Recurrent Pleural Effusions Renal Amyloidosis Elderly Patient
Understanding Recurrent Pleural Effusions in Renal Amyloidosis
Table of Contents
Published September 27, 2025, at 12:10:44 PM
The complex Case of Renal Amyloidosis and Pleural Effusions
Renal amyloidosis, a rare condition caused by the buildup of amyloid proteins in the kidneys, can present with a variety of complications. A recent case study highlights the challenges in managing recurrent pleural effusions – fluid accumulation around the lungs – in an elderly female patient with this underlying condition. This case underscores the importance of recognizing these connections for effective patient care.
Patient Presentation and Diagnostic journey
The patient, an elderly woman, initially presented with symptoms indicative of heart failure. However, further inquiry revealed the presence of meaningful proteinuria (protein in the urine) and impaired renal function. Subsequent kidney biopsy on February 29, 2024, confirmed a diagnosis of renal amyloidosis, specifically light chain (AL) amyloidosis. This type of amyloidosis is associated with a plasma cell disorder.
The Emergence of Pleural Effusions
Following the amyloidosis diagnosis, the patient began experiencing recurrent pleural effusions. These were initially managed with repeated thoracentesis – the removal of fluid from the pleural space. Though, the effusions continued to reaccumulate, requiring ongoing intervention.

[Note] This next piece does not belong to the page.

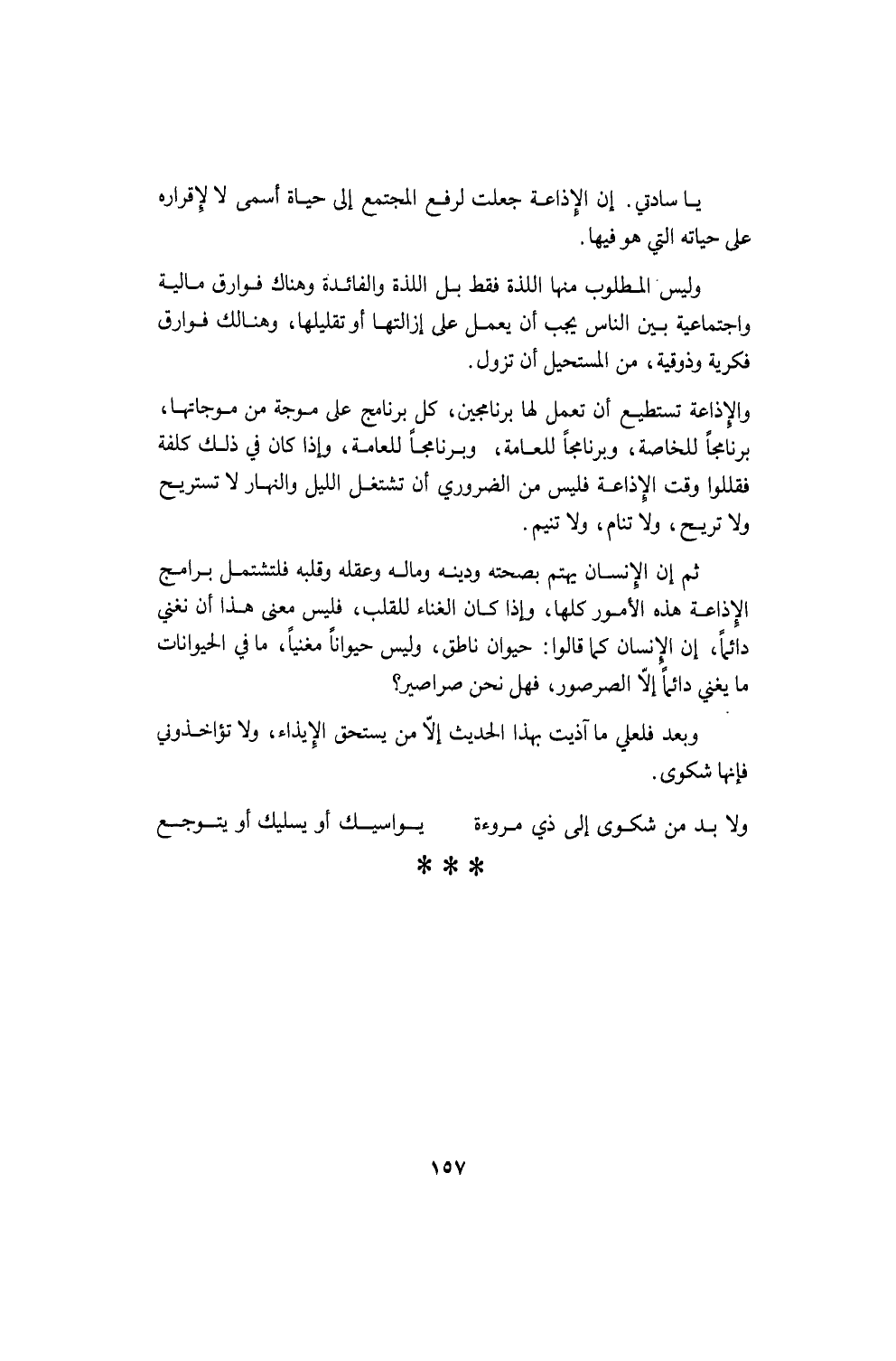 يصرفك عن التفكير في الامتحان. وأن تنام تلك الليلة تسع ساعات أو عشراً إذا استطعت، ولا تخشَ أن تذهب المعلومات من رأسك فإن الذاكرة أمرها عجيب، ولا سيما لمن كان في أوائل الشباب؛ إن ما يُنقَش فيها في الصبا لا يُنسى. وأنا أنسى والله اليوم ماذا تعشّيت أمس ولكني أذكر ما كان قبل أربعين أو خمس وأربعين سنة كأني أراه الآن، وأنت تبصر في الرائي (التلفزيون) فلماً كنت شاهدته من عشر سنين فتذكره، ولو سألتك عنه قبل أن تدخل لما عرفته.

Analysis of the pleural fluid revealed it was a transudate, meaning it had a low protein content, consistent with fluid leakage due to systemic conditions like heart failure or, in this case, amyloidosis.
Diagnostic Challenges and ruling Out Other Causes
differentiating the cause of the pleural effusions was crucial.The medical team meticulously ruled out other potential causes,including congestive heart failure,pulmonary embolism,and infection. Echocardiography showed onyl mild left ventricular dysfunction, making heart failure a less likely primary driver. The persistent and recurrent nature of the effusions, coupled with the established diagnosis of renal amyloidosis, strongly suggested a direct link.
Treatment and Management Strategies
The patient’s renal amyloidosis was treated with chemotherapy, specifically a regimen including cyclophosphamide, bortezomib, and dexamethasone (CyBorD). This treatment aims to reduce the production of the abnormal proteins causing the amyloid deposits. While the chemotherapy showed some initial response in reducing proteinuria, the pleural effusions persisted, albeit with a slower rate of reaccumulation. Continued thoracentesis remained necessary for symptomatic relief.
Implications for Clinical Practice
This case highlights the importance of considering renal amyloidosis in elderly patients presenting with unexplained pleural effusions, particularly those with concurrent renal dysfunction and proteinuria. Early diagnosis and appropriate treatment of the underlying amyloidosis are critical, although managing the associated pleural effusions often requires a multifaceted approach. the case demonstrates that even with treatment targeting the amyloidosis, supportive care like repeated thoracentesis may be necessary for prolonged periods to improve patient comfort and quality of life.